EXERCISE PROMPT: Give the data below again exactly as written, but without the pictures.

DATA SHOWN:

'''

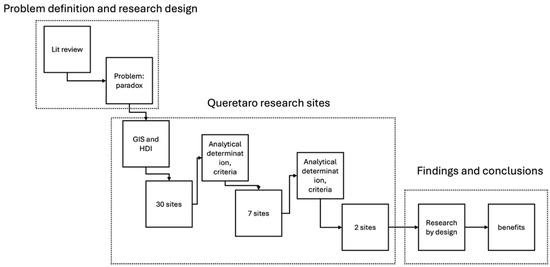 The initial step is to generate a socio-demographic outline of the geostatistical areas of Querétaro, as specified below in 2.2. (Figure 2). This analysis recognized 30 possible neighborhoods with a certain level of vulnerability, including lack of infrastructure and public services, urban connectivity, green space accessibility, and public areas.
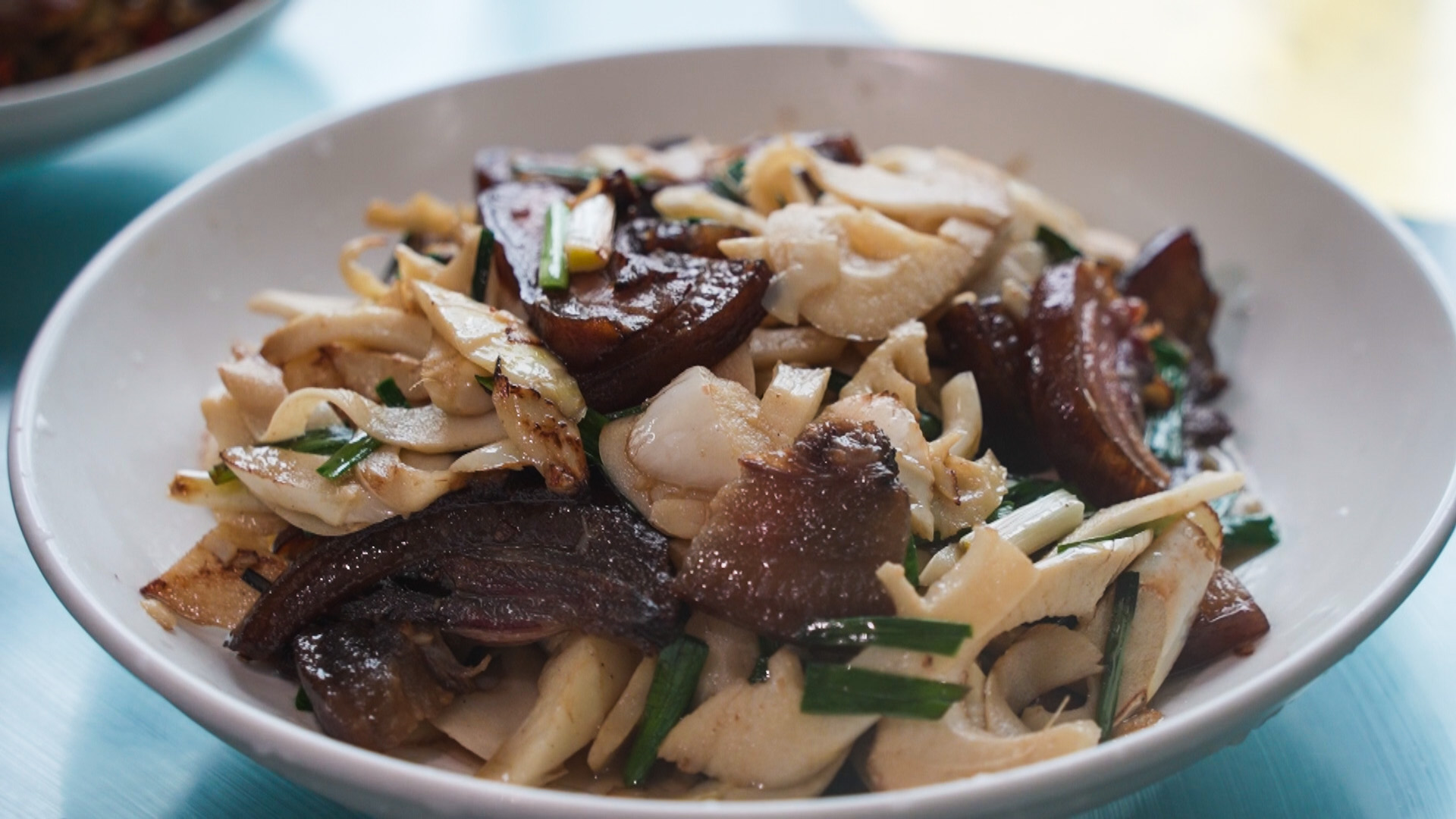 而最刻入崇阳人记忆的,当属雷笋炒腊肉。这道菜是年俗符号,承载着一代代人的新春情怀。崇阳人家的腊肉,腊月腌制、柴火熏制,咸香绵长;新春雷竹笋脆嫩无渣,清甜纯粹,二者碰撞便是最地道的年味。
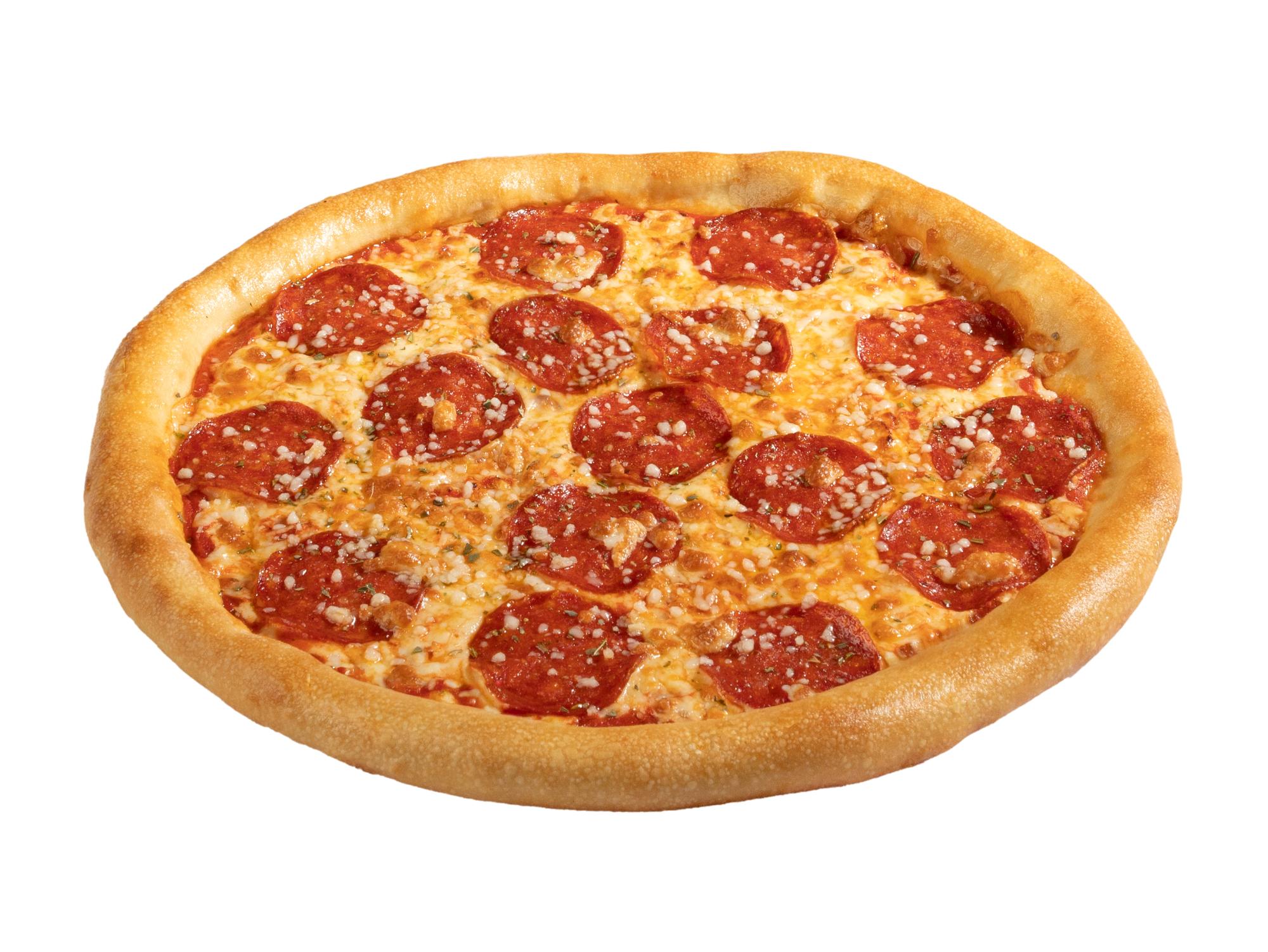 Любимая многими пицца на тонком тесте с пепперони и сыром моцарелла и фирменным томатным соусом.

'''

TASK SOLUTION:
 The initial step is to generate a socio-demographic outline of the geostatistical areas of Querétaro, as specified below in 2.2. (Figure 2). This analysis recognized 30 possible neighborhoods with a certain level of vulnerability, including lack of infrastructure and public services, urban connectivity, green space accessibility, and public areas.
 而最刻入崇阳人记忆的,当属雷笋炒腊肉。这道菜是年俗符号,承载着一代代人的新春情怀。崇阳人家的腊肉,腊月腌制、柴火熏制,咸香绵长;新春雷竹笋脆嫩无渣,清甜纯粹,二者碰撞便是最地道的年味。
 Любимая многими пицца на тонком тесте с пепперони и сыром моцарелла и фирменным томатным соусом.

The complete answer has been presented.